Le choix du paramètre B (densité de biomasse) est également sources d’incertitudes, peu de mesures étant disponibles. Généralement on a recours à des cartes de classes de végétation et à leur paramètres associés (densité de biomasse, efficacité de brûlage…), comme par exemple les cartes UMD (Hansen et al., 2000) et GLC2000 (Bartholomé and Belwarfd, 2005). Il existe une autre approche (Van der Werf et al., 2006) qui utilise le concept de végétation dynamique pour réduire les incertitudes. Des études d’inter comparaison sont en cours pour évaluer (ou comparer) les deux approches. Enfin, une nouvelle approche, encore en cours de développement, permet de réduire les incertitudes sur la détermination des quantités de biomasse brûlée à partir des données satellites de FRP (Fire Radiative Power). Cette dernière fournit une information sur l’activité des grands feux visibles par satellite, directement corrélée à la quantité de biomasse brûlée (Roberts et al., 2005 ; Wooster et al., 2005).

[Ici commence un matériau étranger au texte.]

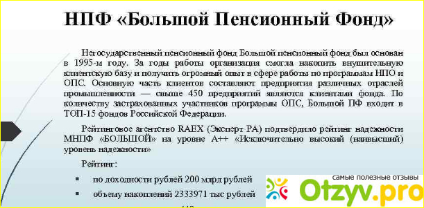 В общем, Большой пенсионный фонд – заслуживает доверия, учитывая, что существует он достаточно давно и до сих пор не развалился и не опозорился, думаю, можно перевести свои средства в эту организацию. Я давно уже являюсь клиентов пенсионного фонда Сбербанка, но всерьёз начала задумываться о том, что бы перевести свои накопления в другой негосударственный пенсионный фонд.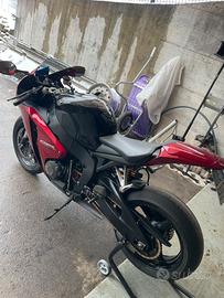 Vendo Honda cbr 1000 rr del 2008 km 12693 usata da una ragazza , al momento monta gomme slick perché voleva provare a girare in pista , ovviamente verranno rimesse le gomme stradali prossimamente , mappata con scarico akrapovic completo , monta frizione antisaltellamento , appena fatto cambi olio motore , freni e liquido radiatore , pedane arretrate , semi manubri allargati , ecc , assieme vengono dati moltissimi pezzi di ricambio , tra cui carene da pista , frizione originale , impianto elettrico semplificato da pista con cambio elettronico e centralina aggiuntiva (mai montato) secondo cupolino una tuta e un paio di stivali , scarico originale completo ecc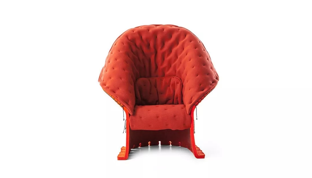 Antibodi是出自Cassina現(xiàn)任設(shè)計總監(jiān)Patricia Urquiola之手,突破了椅子常規(guī)形狀,縫制的三維幾何狀的花瓣似盛開,似閉合,用三角形基底的圖形結(jié)構(gòu)布局,就像一場花卉大爆炸一樣奇妙的象征。

Notons que pour l’Afrique, il a été montré par différentes études de modélisation, utilisant les données d’entrée des différents inventaires des feux de biomasse, que l’inventaire AMMABB (AMMA Biomass Burning) développé à partir des données L3JRC et de la carte GLC pour les années 2000-2006 (Liousse et al., 2010) donnait des résultats satisfaisants par rapport à d’autres inventaires existants (Tummon et al., 2010 ; Barret et al., 2010 ; Jason et al., 2010 ; Liousse et al., 2010).

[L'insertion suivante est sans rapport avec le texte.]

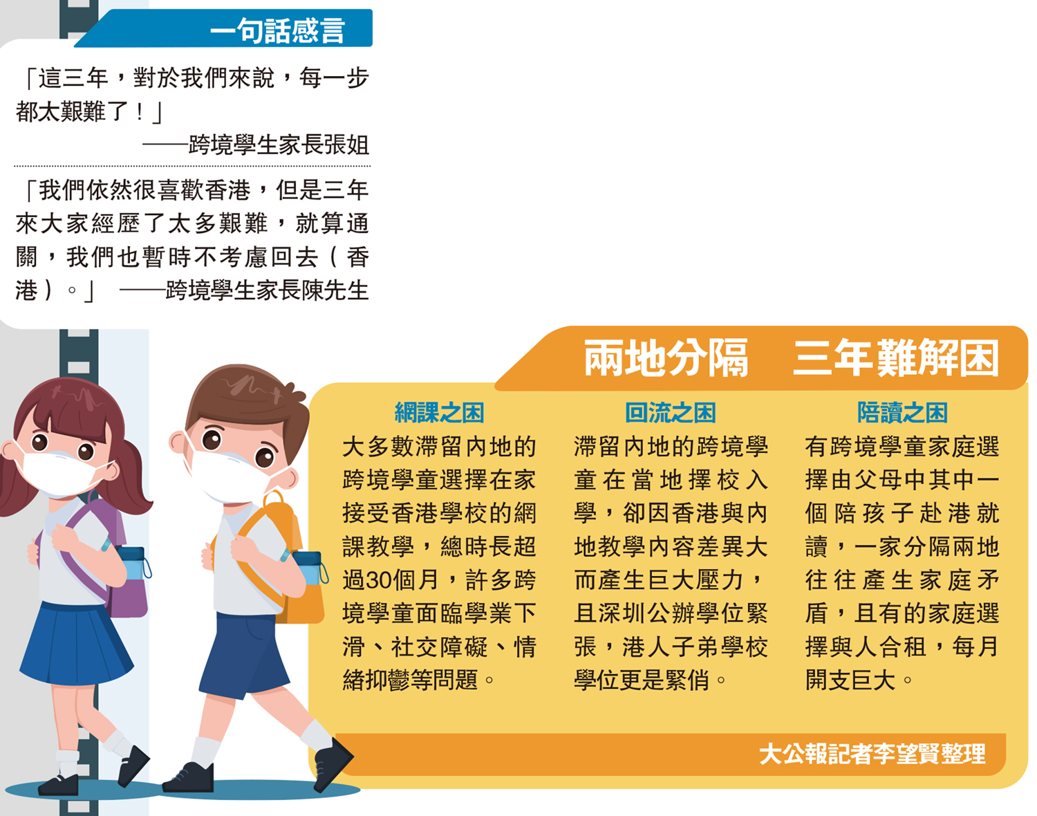 (大公報記者 李望賢)三年疫情阻隔,通關終於有期。「她很雀躍地跟我討論回家要買多大的行李箱,才能裝下這麼多的行李。」深港跨境學童家長張姐提及與獨自在香港求學的女兒小天視頻聊天,激動不已。過去的一千多天對跨境學童家庭而言漫長又沉重。曾經,得益於深港雙城緊密聯動,數萬跨境學童每日往返於深港口岸之間。三年來,孩子們穿梭兩地的學習生活節奏被打破,長時間網課導致成績下降,甚至出現心理問題。不少孩子轉而在深圳擇校,或獨自返港求學,他們對未來的期許也不復從前。通關在即,不少家庭感嘆,希望跨境學童群體能夠盡早回到昔日正常的學習和生活軌道。

Dans le chapitre 5 de ce manuscrit, pour le bilan émission-dépôt de l’azote atmosphérique, nous allons calculer les émissions de NOx et de NH3 par les combustions de

30 biomasse à partir des données satellites des surfaces brûlées (L3JRC) (Liousse et al., 2010), dérivées des données du capteur végétation SPOT-VGT et de la carte de végétation GLC (Global Land Cover).